Das (teil-)autonome Fahren könnte jetzt aber zu einer überraschenden Trendwende führen. Denn auch, wenn der Autopilot keineswegs unfehlbar ist – er ist zuverlässiger als ein menschlicher Fahrer. Wer ihn häufig einschaltet, senkt damit das Unfallrisiko. Der Elektroauto-Pionier Tesla bietet deshalb bereits KfZ-Versicherungen mit „Autopilot-Rabatt“ – bislang mit Hilfe von Kooperationspartnern.

Doch Ende April hat Firmenchef Elon Musk angekündigt, künftig selbst als Versicherer zu fungieren. Dazu will er in Kürze eine eigene Police vorstellen, deren Prämie sich am Fahrverhalten orientiert. Die detaillierten Fahrdaten, die Tesla über seine Kunden vorliegen, sollen demnach „in die Versicherungsraten einfließen“. Auch hier dürfte der Autopilot-Rabatt eine zentrale Rolle spielen.

Wird das Recht auf informationelle Selbstbestimmung ausgehöhlt?

Ich finde das aus zwei Gründen bedenklich. Erstens: Die Tesla-Initiative zeigt, dass Autohersteller einen erheblichen Wettbewerbsvorteil haben. Denn dank ihres umfassenden und direkten Zugriffs auf Daten können sie Risiken besser kalkulieren – und Versicherer vom Markt verdrängen. Damit drohen Wettbewerbsbeschränkungen und höhere Preise. Wir müssen deshalb ein Autodaten-Monopol verhindern.

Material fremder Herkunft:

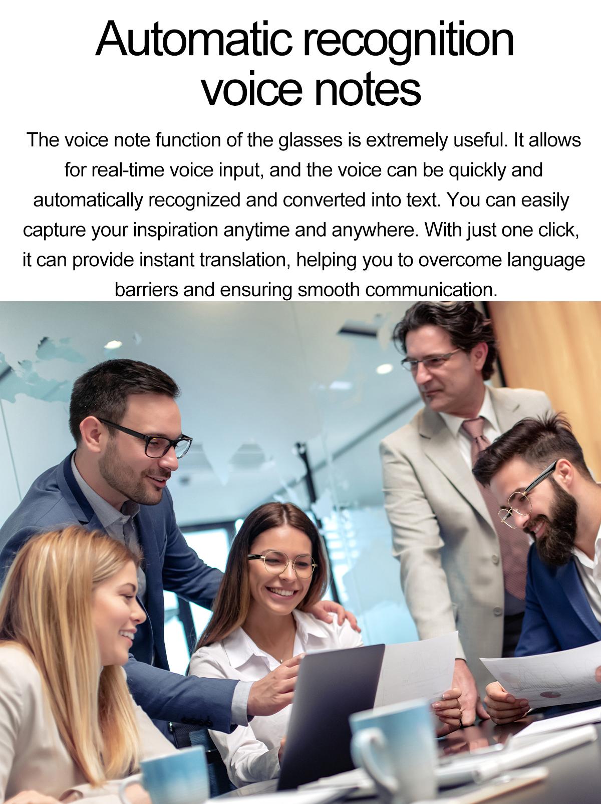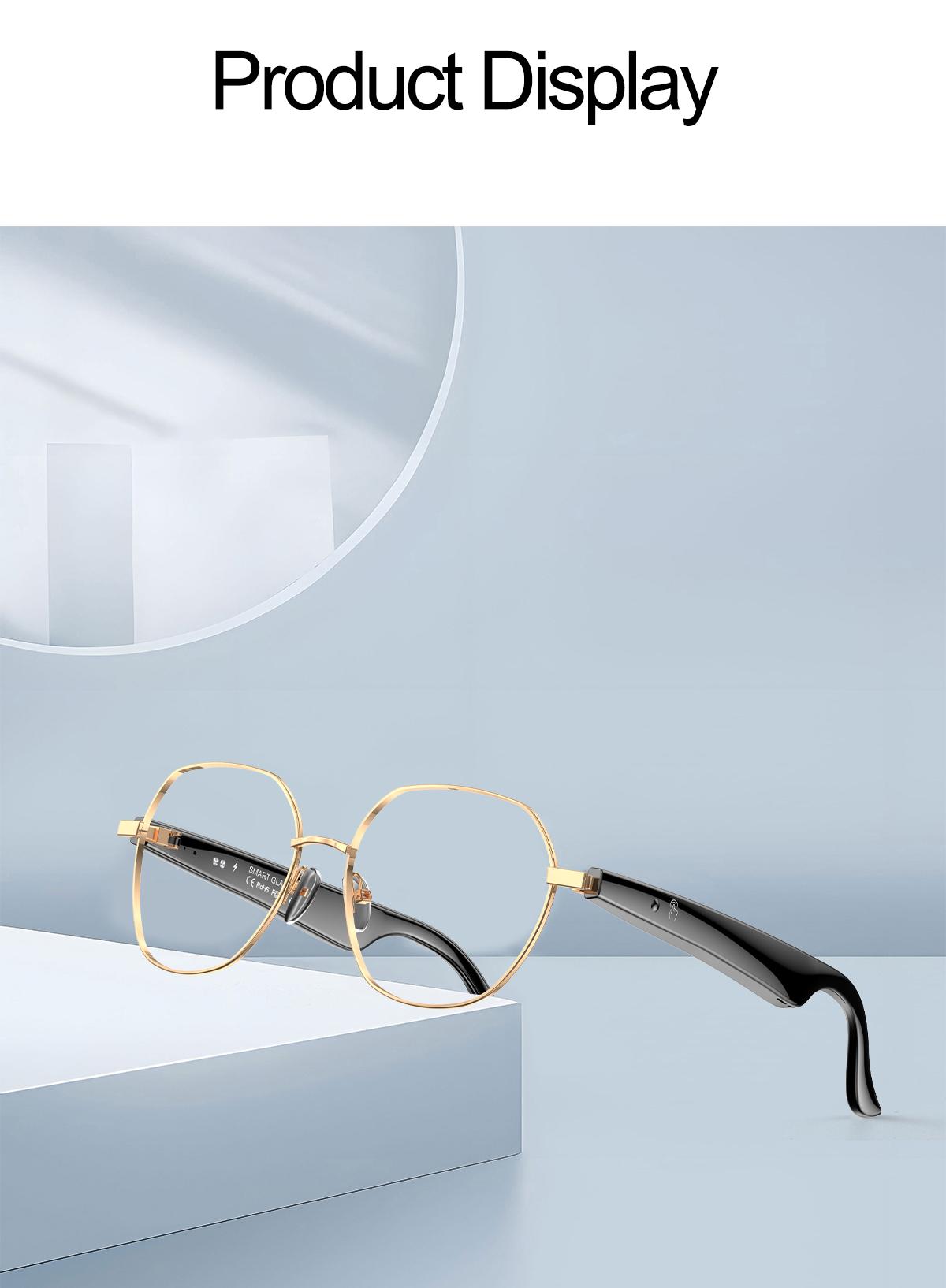 AI Bluetooth Audio Communication Fashion Smart Glasses: AI intelligent voice and video real-time translation, AI dialogue and Q&A, AI intelligent translation (translation machine mode, glasses+phone translation mode. Can translate more than 163 languages), voice note, sleep aid mode, photo translation, remote control photo, Bluetooth communication, intelligent Hall sensor automatic on/off, intelligent voice assistant, music playback (switching, pausing music appreciation), using low-power AB5712F chip, ENC noise reduction, ultra-low latency, long-lasting battery life, lightweight 25g, comfortable to wear, configurable sunglasses, blue light, close view and other lenses.

Zweitens: Bereits um den Autopilot-Rabatt zu bekommen, müssen Kunden einem umfassenden Datenaustausch und der Übermittlung sensibler Informationen zustimmen. Schließlich muss die Assekuranz mindestens wissen, wie oft der Computer das Steuer übernimmt.

Damit entstehen durch autonomes Fahren starke finanzielle Anreize, auf Privatsphäre zu verzichten. Datenschutz könnte schlimmstenfalls zum Luxus-Gut für Privilegierte werden, was das Recht auf informationelle Selbstbestimmung aushöhlen würde. Ich bin deshalb sehr gespannt, wie die vollmundig angekündigte Tesla-Versicherung im Detail aussieht – und wie sie datenschutz- und verfassungsrechtlich zu bewerten ist.